(Records drawn from a dataset)
=== Section Start ===

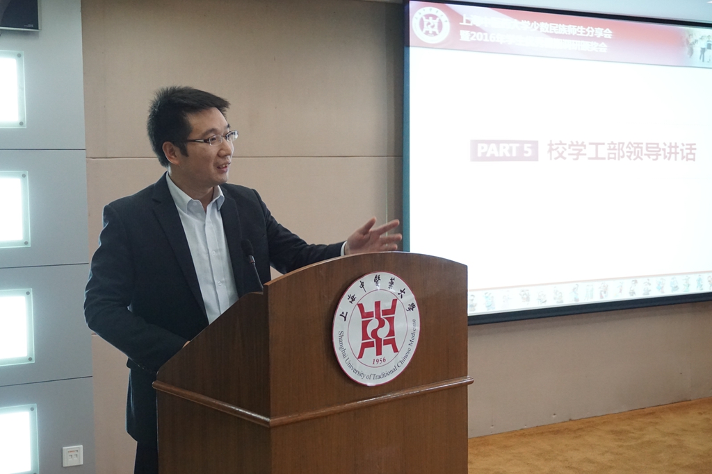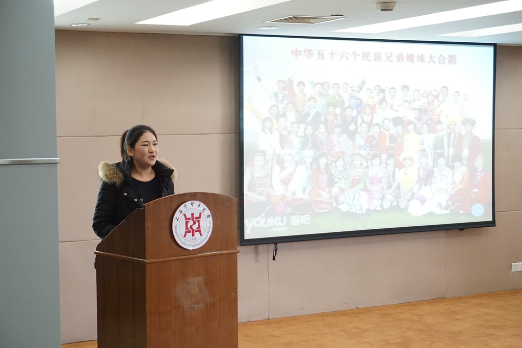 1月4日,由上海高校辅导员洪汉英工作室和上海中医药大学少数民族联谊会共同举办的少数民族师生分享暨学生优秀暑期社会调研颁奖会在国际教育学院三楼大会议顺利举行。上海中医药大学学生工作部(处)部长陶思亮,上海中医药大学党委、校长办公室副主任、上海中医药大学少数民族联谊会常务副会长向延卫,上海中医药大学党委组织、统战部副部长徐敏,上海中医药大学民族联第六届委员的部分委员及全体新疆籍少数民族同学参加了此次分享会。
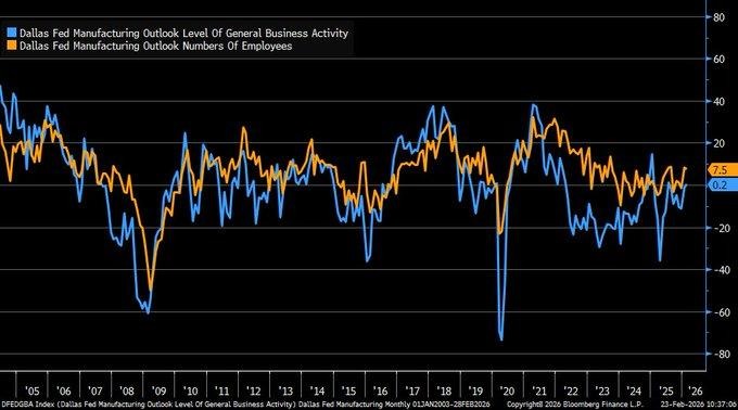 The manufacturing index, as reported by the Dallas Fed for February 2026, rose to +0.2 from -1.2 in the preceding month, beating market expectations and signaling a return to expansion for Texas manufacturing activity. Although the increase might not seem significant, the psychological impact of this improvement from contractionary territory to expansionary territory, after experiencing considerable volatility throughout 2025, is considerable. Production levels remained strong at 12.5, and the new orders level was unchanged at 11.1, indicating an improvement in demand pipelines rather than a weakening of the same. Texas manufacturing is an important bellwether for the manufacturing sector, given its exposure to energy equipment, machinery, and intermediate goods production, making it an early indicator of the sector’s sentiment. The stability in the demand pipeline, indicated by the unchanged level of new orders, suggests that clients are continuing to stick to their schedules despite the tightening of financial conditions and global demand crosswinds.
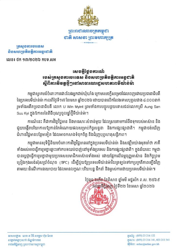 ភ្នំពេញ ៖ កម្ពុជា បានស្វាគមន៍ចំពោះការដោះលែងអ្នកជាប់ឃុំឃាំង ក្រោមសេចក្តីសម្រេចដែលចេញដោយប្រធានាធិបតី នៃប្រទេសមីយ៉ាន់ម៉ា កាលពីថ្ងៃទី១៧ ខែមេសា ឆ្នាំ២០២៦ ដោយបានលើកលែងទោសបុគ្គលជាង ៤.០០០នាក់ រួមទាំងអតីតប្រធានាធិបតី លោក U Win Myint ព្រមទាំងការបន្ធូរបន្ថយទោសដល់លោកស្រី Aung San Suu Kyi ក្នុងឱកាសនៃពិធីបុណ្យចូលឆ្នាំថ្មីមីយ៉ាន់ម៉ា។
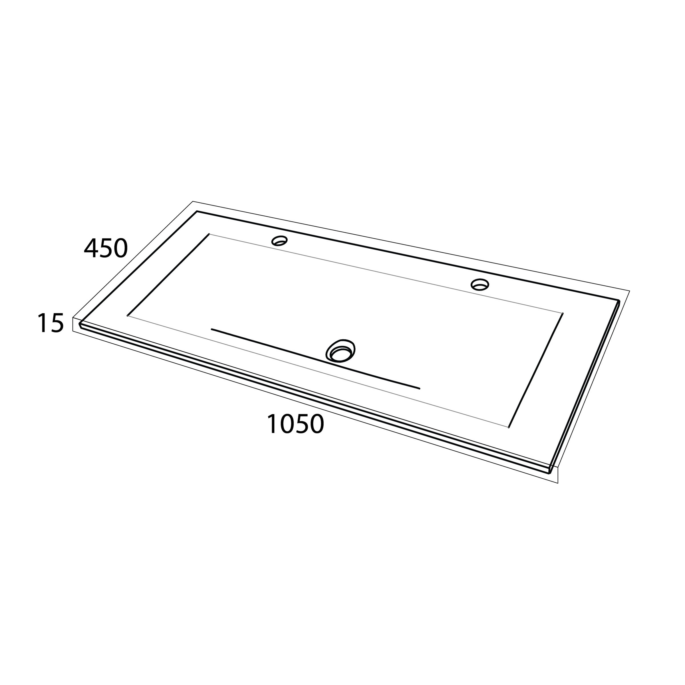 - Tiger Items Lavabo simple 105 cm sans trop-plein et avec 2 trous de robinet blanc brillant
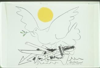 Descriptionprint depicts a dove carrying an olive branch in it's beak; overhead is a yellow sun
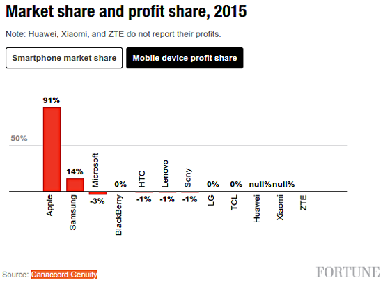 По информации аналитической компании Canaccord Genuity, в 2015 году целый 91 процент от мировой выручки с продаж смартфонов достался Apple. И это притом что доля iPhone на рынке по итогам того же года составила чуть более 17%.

=== Section End ===

*What to work on*: Could you set down every record above exactly as written, leaving out the pictures?

*Exercise response*:
 1月4日,由上海高校辅导员洪汉英工作室和上海中医药大学少数民族联谊会共同举办的少数民族师生分享暨学生优秀暑期社会调研颁奖会在国际教育学院三楼大会议顺利举行。上海中医药大学学生工作部(处)部长陶思亮,上海中医药大学党委、校长办公室副主任、上海中医药大学少数民族联谊会常务副会长向延卫,上海中医药大学党委组织、统战部副部长徐敏,上海中医药大学民族联第六届委员的部分委员及全体新疆籍少数民族同学参加了此次分享会。
 The manufacturing index, as reported by the Dallas Fed for February 2026, rose to +0.2 from -1.2 in the preceding month, beating market expectations and signaling a return to expansion for Texas manufacturing activity. Although the increase might not seem significant, the psychological impact of this improvement from contractionary territory to expansionary territory, after experiencing considerable volatility throughout 2025, is considerable. Production levels remained strong at 12.5, and the new orders level was unchanged at 11.1, indicating an improvement in demand pipelines rather than a weakening of the same. Texas manufacturing is an important bellwether for the manufacturing sector, given its exposure to energy equipment, machinery, and intermediate goods production, making it an early indicator of the sector’s sentiment. The stability in the demand pipeline, indicated by the unchanged level of new orders, suggests that clients are continuing to stick to their schedules despite the tightening of financial conditions and global demand crosswinds.
 ភ្នំពេញ ៖ កម្ពុជា បានស្វាគមន៍ចំពោះការដោះលែងអ្នកជាប់ឃុំឃាំង ក្រោមសេចក្តីសម្រេចដែលចេញដោយប្រធានាធិបតី នៃប្រទេសមីយ៉ាន់ម៉ា កាលពីថ្ងៃទី១៧ ខែមេសា ឆ្នាំ២០២៦ ដោយបានលើកលែងទោសបុគ្គលជាង ៤.០០០នាក់ រួមទាំងអតីតប្រធានាធិបតី លោក U Win Myint ព្រមទាំងការបន្ធូរបន្ថយទោសដល់លោកស្រី Aung San Suu Kyi ក្នុងឱកាសនៃពិធីបុណ្យចូលឆ្នាំថ្មីមីយ៉ាន់ម៉ា។
 - Tiger Items Lavabo simple 105 cm sans trop-plein et avec 2 trous de robinet blanc brillant
 Descriptionprint depicts a dove carrying an olive branch in it's beak; overhead is a yellow sun
 По информации аналитической компании Canaccord Genuity, в 2015 году целый 91 процент от мировой выручки с продаж смартфонов достался Apple. И это притом что доля iPhone на рынке по итогам того же года составила чуть более 17%.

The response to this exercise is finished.